> [ASSIGNMENT] The records below are to be restated word for word; their pictures are not.

> [SOURCE MATERIAL]
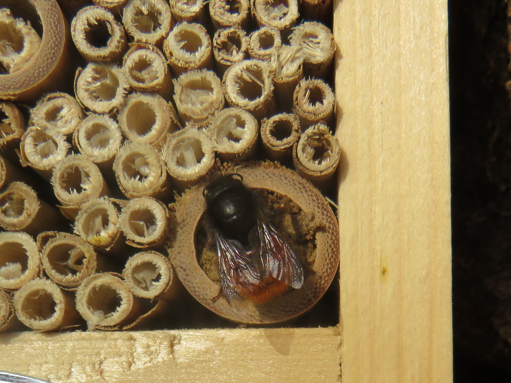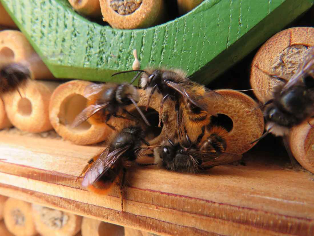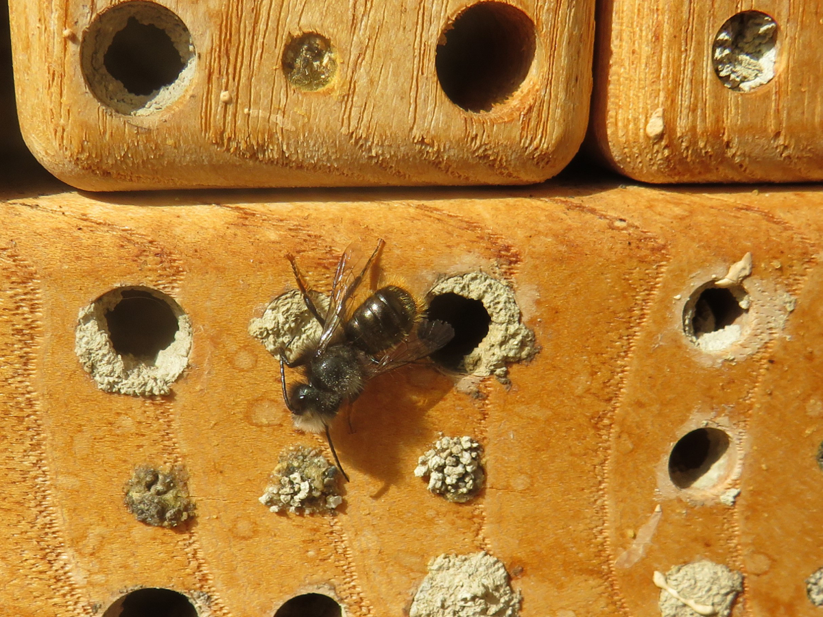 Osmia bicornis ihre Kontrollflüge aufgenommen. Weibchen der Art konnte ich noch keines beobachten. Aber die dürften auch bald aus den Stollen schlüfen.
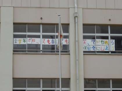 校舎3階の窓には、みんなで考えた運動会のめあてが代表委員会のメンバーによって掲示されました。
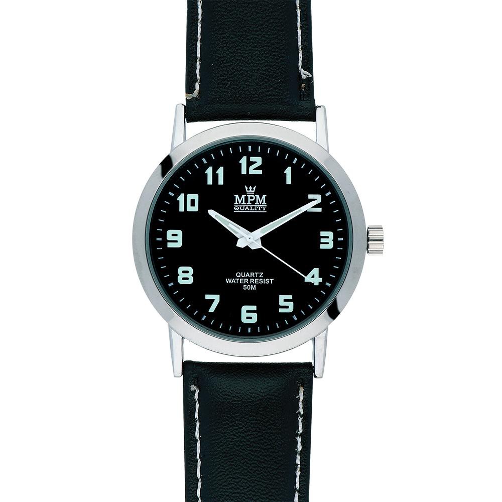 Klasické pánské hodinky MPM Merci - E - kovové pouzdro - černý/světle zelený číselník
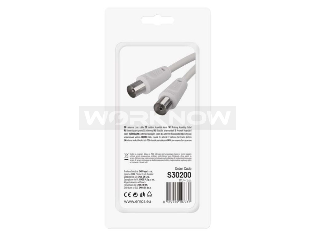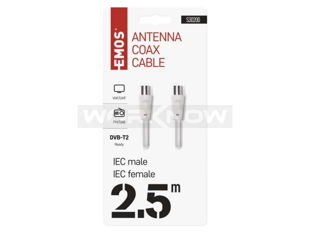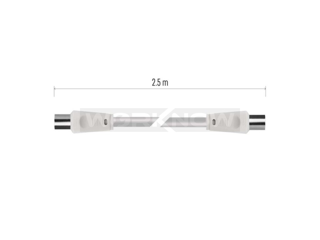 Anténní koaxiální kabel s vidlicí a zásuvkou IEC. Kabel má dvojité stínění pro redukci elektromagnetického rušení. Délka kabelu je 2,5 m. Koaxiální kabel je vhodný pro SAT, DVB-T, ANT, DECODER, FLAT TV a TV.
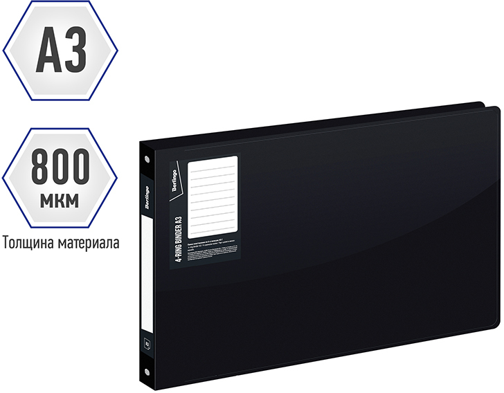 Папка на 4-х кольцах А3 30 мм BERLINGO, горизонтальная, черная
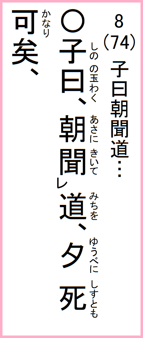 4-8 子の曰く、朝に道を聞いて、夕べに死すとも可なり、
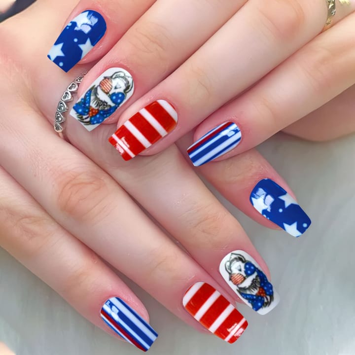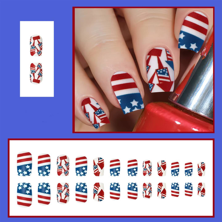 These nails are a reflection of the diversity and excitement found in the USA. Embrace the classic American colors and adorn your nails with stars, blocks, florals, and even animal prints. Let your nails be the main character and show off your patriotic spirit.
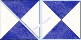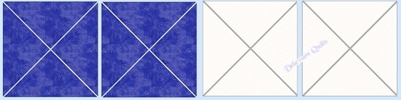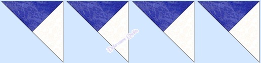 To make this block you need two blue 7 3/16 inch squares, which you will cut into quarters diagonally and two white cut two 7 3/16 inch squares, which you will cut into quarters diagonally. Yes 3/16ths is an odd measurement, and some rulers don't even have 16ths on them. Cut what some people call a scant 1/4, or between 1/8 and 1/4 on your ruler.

> [SOLUTION FOR THIS EXERCISE]
 Osmia bicornis ihre Kontrollflüge aufgenommen. Weibchen der Art konnte ich noch keines beobachten. Aber die dürften auch bald aus den Stollen schlüfen.
 校舎3階の窓には、みんなで考えた運動会のめあてが代表委員会のメンバーによって掲示されました。
 Klasické pánské hodinky MPM Merci - E - kovové pouzdro - černý/světle zelený číselník
 Anténní koaxiální kabel s vidlicí a zásuvkou IEC. Kabel má dvojité stínění pro redukci elektromagnetického rušení. Délka kabelu je 2,5 m. Koaxiální kabel je vhodný pro SAT, DVB-T, ANT, DECODER, FLAT TV a TV.
 Папка на 4-х кольцах А3 30 мм BERLINGO, горизонтальная, черная
 4-8 子の曰く、朝に道を聞いて、夕べに死すとも可なり、
 These nails are a reflection of the diversity and excitement found in the USA. Embrace the classic American colors and adorn your nails with stars, blocks, florals, and even animal prints. Let your nails be the main character and show off your patriotic spirit.
 To make this block you need two blue 7 3/16 inch squares, which you will cut into quarters diagonally and two white cut two 7 3/16 inch squares, which you will cut into quarters diagonally. Yes 3/16ths is an odd measurement, and some rulers don't even have 16ths on them. Cut what some people call a scant 1/4, or between 1/8 and 1/4 on your ruler.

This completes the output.